Francis Laurin and his wife, Mildred Laurin, were victims of a check-washing scam.

Pat Nabong/Sun-Times

Midge Laurin dropped a check in a U.S. Postal Service mailbox on Central Avenue near her Southwest Side home in September — a $30 contribution to her cousin’s daughter’s school in Crystal Lake.

Three days later, she and her husband logged onto their bank account and found the check had been stolen, rewritten and cashed to a “Crystal E. Hunter” for $9,475.81.

“I couldn’t believe it,” said Laurin, a retired office manager. “How did they know I even had the money?”

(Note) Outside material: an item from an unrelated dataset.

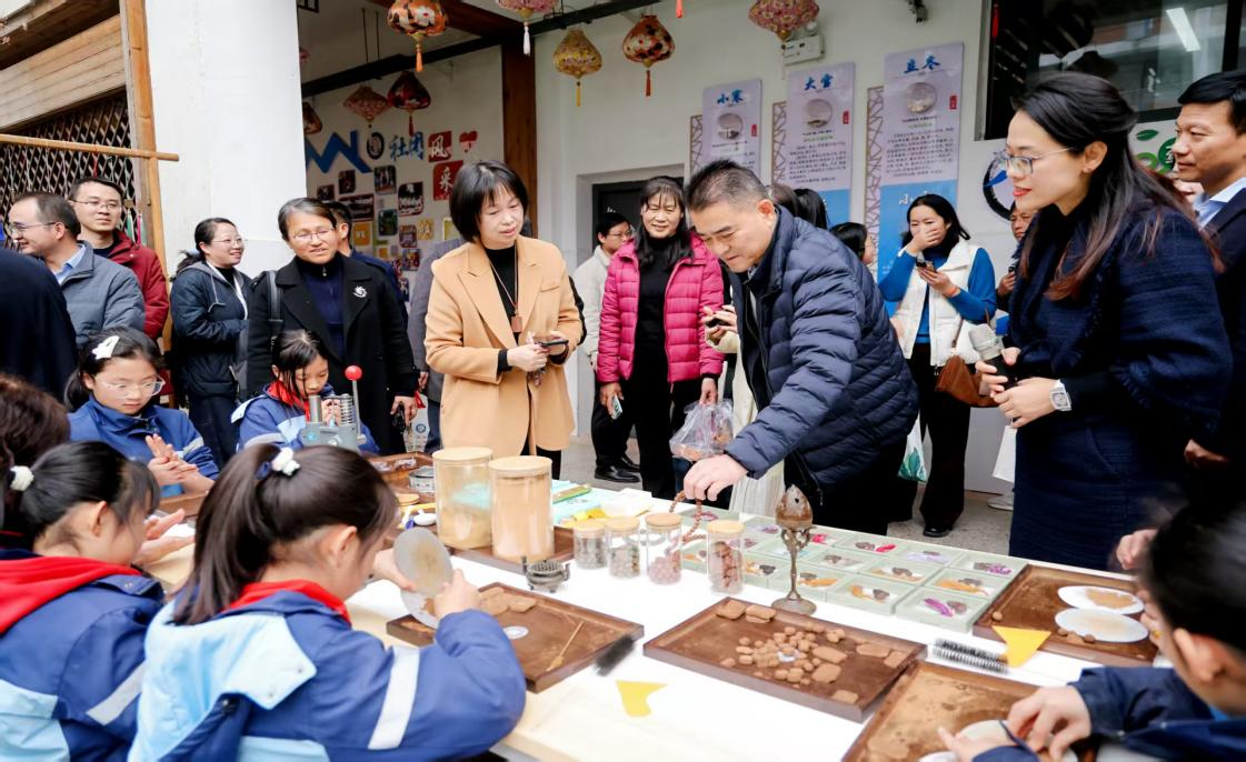 主旨报告结束后,省陶研会会长孙锦明教授全程陪同南京市浦口区行知教育集团总校长、中国教育学会副会长、国家级教学成果特等奖获得者杨瑞清先生夫妇,以及400余名与会的陶友代表共同走进胡家小学,实地考察“生·动”教育的实践场景。胡家小学践行“越做事、越懂事”的“校铭”主张,探索出一套以“进阶化、体验化、作品化”为主要特征的“中草药”育人体系,受到杨瑞清先生以及与会代表的高度赞赏。

Laurin’s husband, Francis, called Chicago police but was referred to the U.S. Postal Inspection Service, where he filed a report.

The couple visited their bank and were told it could take up to six months to recover the money. A bank employee told them seven other customers were recent victims of the same crime.

“They looked at us as if it was an everyday occurrence,” Laurin said.

Stolen check scam survey

Have you or someone you know been the victim of a stolen check scam? We want to hear from you.

If you’ve been a victim of this old-fashioned “washing” scheme, the Sun-Times would like to hear from and speak with you. Please fill out the form linked here and let us know if you’re willing to speak to a reporter about your experience.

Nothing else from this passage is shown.